Global Policy Coordinator (GPC): Residing on the control plane (defaulting to the MDT0 server node), the GPC does not process I/O requests directly. Instead, it aggregates I/O statistics from all schedulers, orchestrates and coordinates I/O scheduling across all server-side local schedulers, and distributes the policy decisions. It is a global decision-making layer that, based on the I/O statistics from all local schedulers in the previous period round, It calculates the optimal QoS parameters for the next "Round" based on the global view of the previous round and makes decision for the next coordinated scheduling perioid for each scheduler (i.e. mClock) running on the servers.
Client Congestion Controller (CCC) [Optional]: Upon the completion of an I/O request, the client performs source-end congestion throttling control based on piggybackked information in the reply, such as server load status, backlogged request count and queue depth, to prevent excessive requests buildup at the sercver, overwhelming the server memory and capacity.

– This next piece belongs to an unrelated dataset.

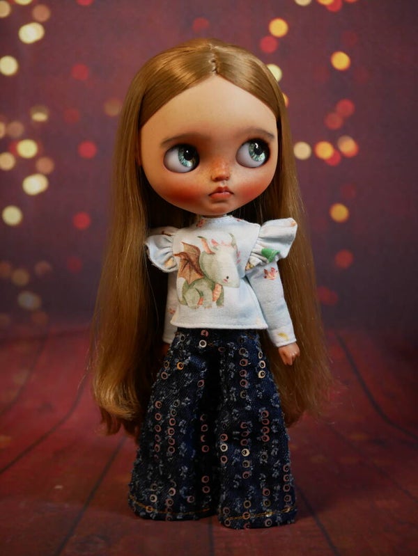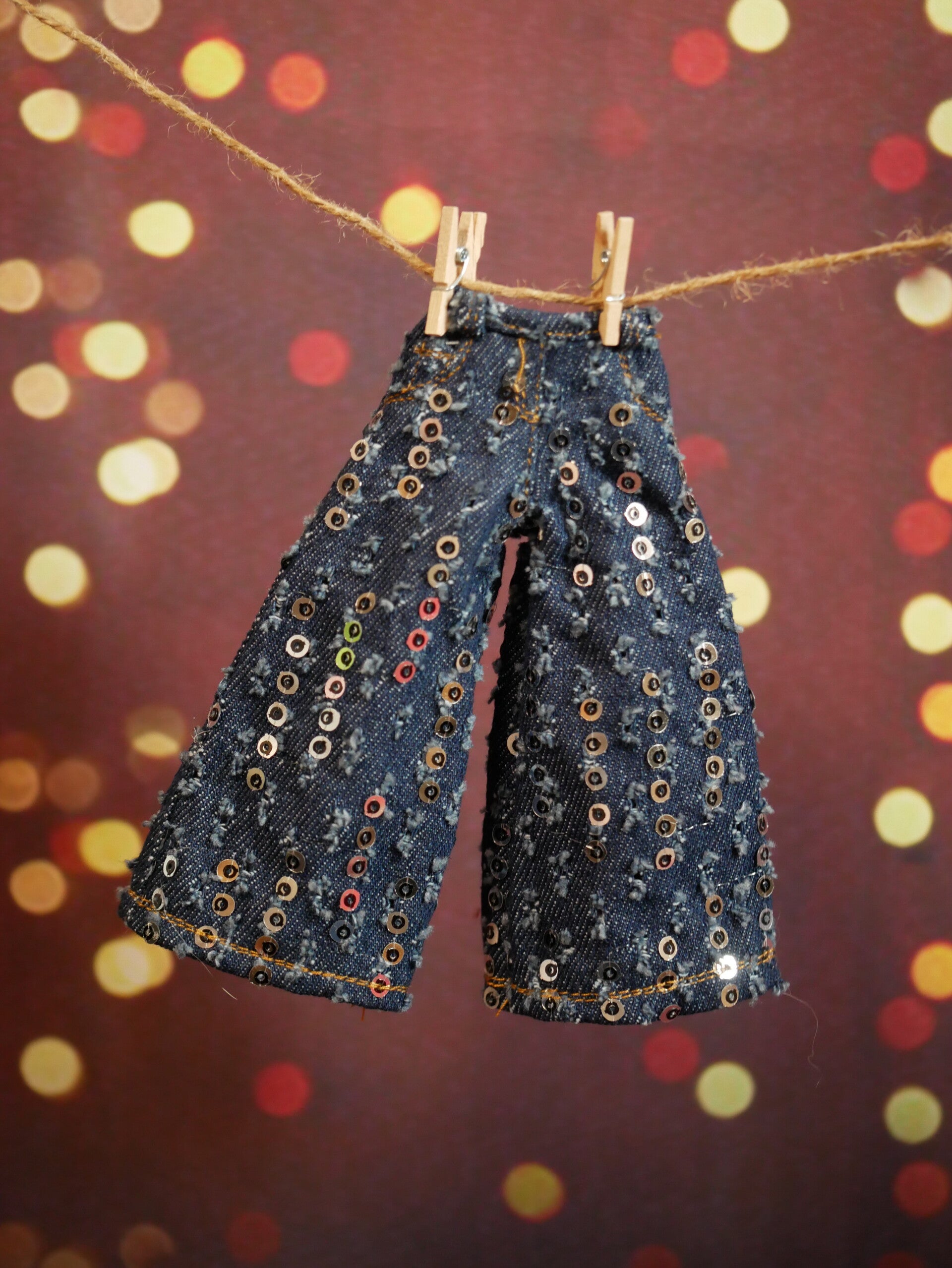 Wide denim pants with sequins for Blythe doll./Dk blue

3. Periodic Feedback and Quota Pre-allocation

The global coordinator is not involved in the I/O path. It utilizes a "Lease" mechanism similar to GPFS to perform macro-level adjustments across time intervals (Rounds). This lightweight global controller effectively addresses the shortcomings of completely decentralized schemes in terms of global optimality and convergence speed.

3.1 Round-based Scheduling Logic

A "Round" (e.g., 1 second in duration) consists of four distinct phases:

Collection Phase: Each Server Scheduler tracks the actual IOPS/BPS throughput, request backlog depth, disk "Pressure factor," and total bandwidth utilization for every QoS Class Bucket from the previous round. The GPC periodically polls these statistics in batches from all servers using the sliding time window algorithm to obtain the "Demand Intent" of each active class bucket. The statistical information includes:

- IOPS and Bandwidth for each (Server, CPT, Bucket);
- Backlong depth and underlying disk bandwidth utilization for each (Server, CPT, Bucket) during the statistical period.

Calculation Phase (Global Arbitration): The GPC aggregates global demand:

- Under-subscription: If \sum \text{Demand} < \text{Total Capacity}, resources are allocated as requested, and surplus bandwidth is moved to a "Free Pool."
- Over-subscription (Congestion): The GPC adjusts the local Reservation $R_{local}$ and Limit (L_{local}) parameters for each server-side bucket based on global QoS settings (R, W, L) , the number of active buckets and demand expectation of each bucket. Note: the coordinator generally does not adjust the weight value (W) of a class bucket. However, it typically adjusts the local upper limit (L_{local}) based on the reserved bandwidth requirements of each class bucket to ensure the total bandwidth for that class does not exceed the overall limit of L. During this process, if a class bucket remains idle (no any I/O activity) for an extended period, its local R_{local} is set to a minimum value to conserve resources.

Dispatch Phase (Decision Distribution): After receiving the global review, the global coornidator runs a distributed scheduling algorithm to calculate Target IOPS/BPS (R_{local}, W_{local}, L_{local}) for each class bucket on the server-side scheduler for the new period round. It then sends these updated QoS Quota parameters to the local schedulers on each server.

Execution Phase (Local Enforcement): Servers enforce the new local QoS policy for the duration of the round while continuing to collect performance data. These statistics serve as an input for the collection step in the next round, forming a closed-loop feedback control system that allows the system to automically adapt to workload changes.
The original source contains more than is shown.